** Source data follows **

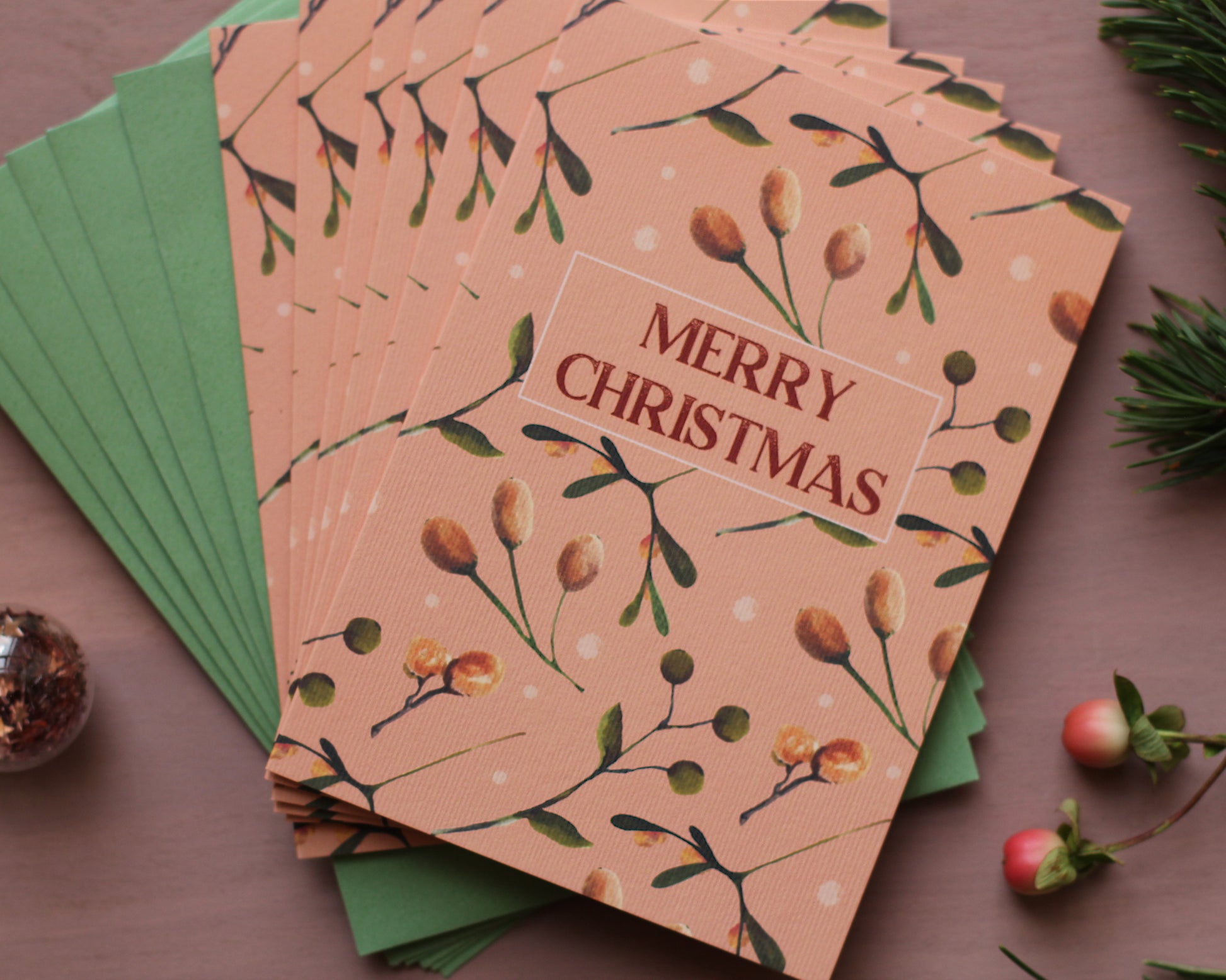 Printed on luxury textured card stock, the cards are 100% recyclable and are paired with recycled sage green envelopes. Each Christmas card is packaged in compostable wrapping.
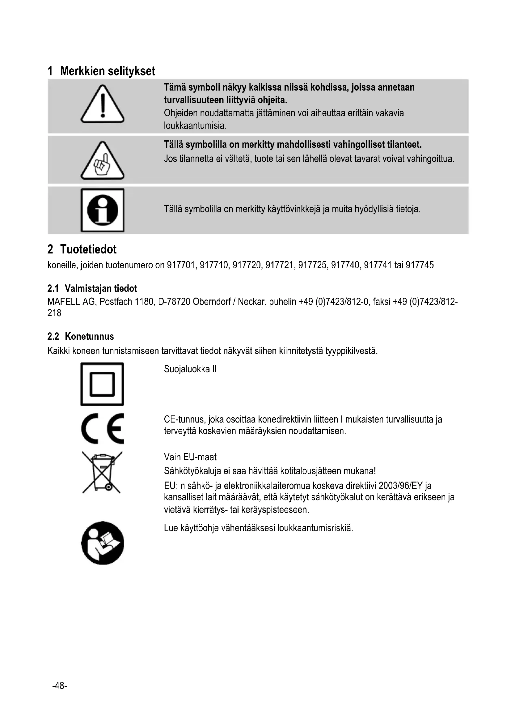 Yleiset ohjeet: - Lapset ja nuoret eivät saa käyttää tätä konetta. Tästä poikkeuksena ovat asiantuntevan henkilön valvonnassa olevat nuoret. - Älä koskaan työskentele ilman määräysten mukaisia turvalaitteita äläkä muuta koneessa mitään, mikä voisi heikentää turvallisuutta. - Konetta ulkona käytettäessä suosittelemme vikavirtakytkimen asentamista. - Vialliset johdot ja pistokkeet on vaihdettava heti uusiin. - Varo, että johto ei taitu. Varsinkaan koneen kuljetuksen ja varastoinnin aikana johtoa ei saa kiertää koneen ympärille. Henkilökohtaisten turvavarusteiden käyttö: - Käytä aina käytön aikana kuulosuojaimia. - Hiottaessa syntyvä pöly on usein terveydelle vaarallista (esim. hiottaessa tammea ja pyökkiä, mineraalimateriaaleja, metalleja tai maalipintoja, jotka sisältävät lyijyä tai muita vaarallisia aineita) eikä se saa päästä kehoon. Älä kosketa tai hengitä sisään pölyä. Käytä pölynimurointia ja soveltuvaa pölynsuojanaamaria. Poista kerrostunut pöly perusteellisesti, esim. imuroimalla soveltuvalla erikoispölynimurilla. Huomioi tämä myös suodatinpussia vaihdettaessa Käyttöä koskevat ohjeet: - Älä vie kättäsi hiomaristikon tai sen kiinnittinen värähtelyalueelle. Pidä toisella kädellä kiinni lisäkahvasta tai moottorin suojakotelosta. - Älä missään tapauksessa pidä työkappaletta paikoillaan kättä tai jalkaa käyttäen. Kiinnitä työkappale tukevalle alustalle. - Varmista työkappale poisliukumisen varalta esim. ruuvipuristimilla. - Pidä huoli siitä, että seisot tukevasti ja varmasti ja että valaistus on riittävä. - Käytä vain tässä käyttöohjeessa annettujen mittojen kokoisia hiomaverkkoja. Huoltoa ja kunnossapitoa koskevat ohjeet: - Koko koneen ja varsinkin sen säätölaitteiden ja ohjaimien säännöllinen puhdistus on tärkeä turvallisuustekijä. - Ainoastaan alkuperäisten MAFELL-varaosien ja - tarvikkeiden käyttö on sallittua. Muuten valmistajan takuu ja vastuu raukeaa.
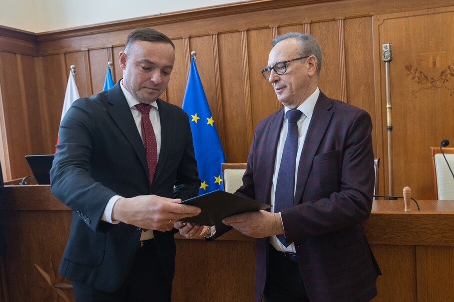 Metropolia BydgoskaNowi radni sejmiku województwa odebrali zaświadczenia o wyborze [ZDJĘCIA]25-04-2024_Toruń_sejmik województwa_zaświadczenie o wyborze_Przemysław Sznajrowski, Andrzej Siuchniński_fot. MKuras dla UMWKP
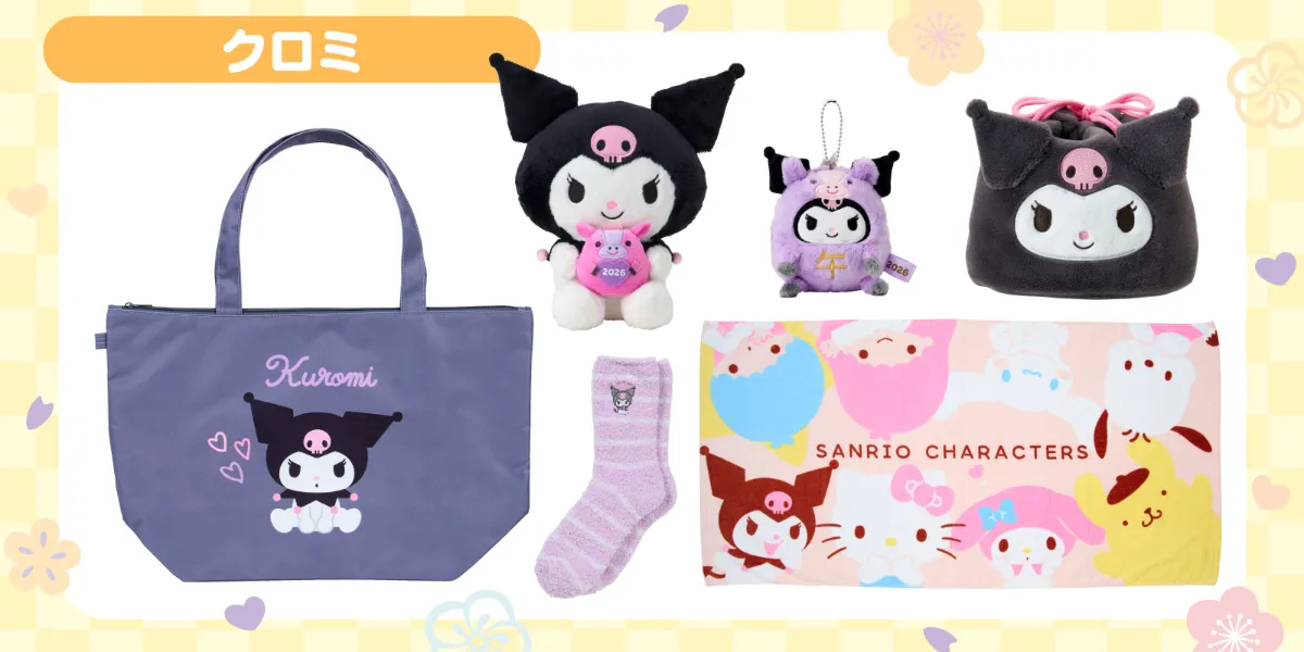自称マイメロディのライバル、黒いずきんとピンクのどくろがチャームポイントの『クロミ』の福袋2026。大容量トートバッグの中に、クロミの2026年の年号入り干支ぬいぐるみ、マスコットホルダー、モコモコルームソックスのほか、いろいろなアイテムが入った豪華セット♪

** End of Source data **

*Task directions:*
When you retype the listing, keep every line exactly as it is and drop the pictures.

*Exercise output:*
 Printed on luxury textured card stock, the cards are 100% recyclable and are paired with recycled sage green envelopes. Each Christmas card is packaged in compostable wrapping.
 Yleiset ohjeet: - Lapset ja nuoret eivät saa käyttää tätä konetta. Tästä poikkeuksena ovat asiantuntevan henkilön valvonnassa olevat nuoret. - Älä koskaan työskentele ilman määräysten mukaisia turvalaitteita äläkä muuta koneessa mitään, mikä voisi heikentää turvallisuutta. - Konetta ulkona käytettäessä suosittelemme vikavirtakytkimen asentamista. - Vialliset johdot ja pistokkeet on vaihdettava heti uusiin. - Varo, että johto ei taitu. Varsinkaan koneen kuljetuksen ja varastoinnin aikana johtoa ei saa kiertää koneen ympärille. Henkilökohtaisten turvavarusteiden käyttö: - Käytä aina käytön aikana kuulosuojaimia. - Hiottaessa syntyvä pöly on usein terveydelle vaarallista (esim. hiottaessa tammea ja pyökkiä, mineraalimateriaaleja, metalleja tai maalipintoja, jotka sisältävät lyijyä tai muita vaarallisia aineita) eikä se saa päästä kehoon. Älä kosketa tai hengitä sisään pölyä. Käytä pölynimurointia ja soveltuvaa pölynsuojanaamaria. Poista kerrostunut pöly perusteellisesti, esim. imuroimalla soveltuvalla erikoispölynimurilla. Huomioi tämä myös suodatinpussia vaihdettaessa Käyttöä koskevat ohjeet: - Älä vie kättäsi hiomaristikon tai sen kiinnittinen värähtelyalueelle. Pidä toisella kädellä kiinni lisäkahvasta tai moottorin suojakotelosta. - Älä missään tapauksessa pidä työkappaletta paikoillaan kättä tai jalkaa käyttäen. Kiinnitä työkappale tukevalle alustalle. - Varmista työkappale poisliukumisen varalta esim. ruuvipuristimilla. - Pidä huoli siitä, että seisot tukevasti ja varmasti ja että valaistus on riittävä. - Käytä vain tässä käyttöohjeessa annettujen mittojen kokoisia hiomaverkkoja. Huoltoa ja kunnossapitoa koskevat ohjeet: - Koko koneen ja varsinkin sen säätölaitteiden ja ohjaimien säännöllinen puhdistus on tärkeä turvallisuustekijä. - Ainoastaan alkuperäisten MAFELL-varaosien ja - tarvikkeiden käyttö on sallittua. Muuten valmistajan takuu ja vastuu raukeaa.
 Metropolia BydgoskaNowi radni sejmiku województwa odebrali zaświadczenia o wyborze [ZDJĘCIA]25-04-2024_Toruń_sejmik województwa_zaświadczenie o wyborze_Przemysław Sznajrowski, Andrzej Siuchniński_fot. MKuras dla UMWKP
自称マイメロディのライバル、黒いずきんとピンクのどくろがチャームポイントの『クロミ』の福袋2026。大容量トートバッグの中に、クロミの2026年の年号入り干支ぬいぐるみ、マスコットホルダー、モコモコルームソックスのほか、いろいろなアイテムが入った豪華セット♪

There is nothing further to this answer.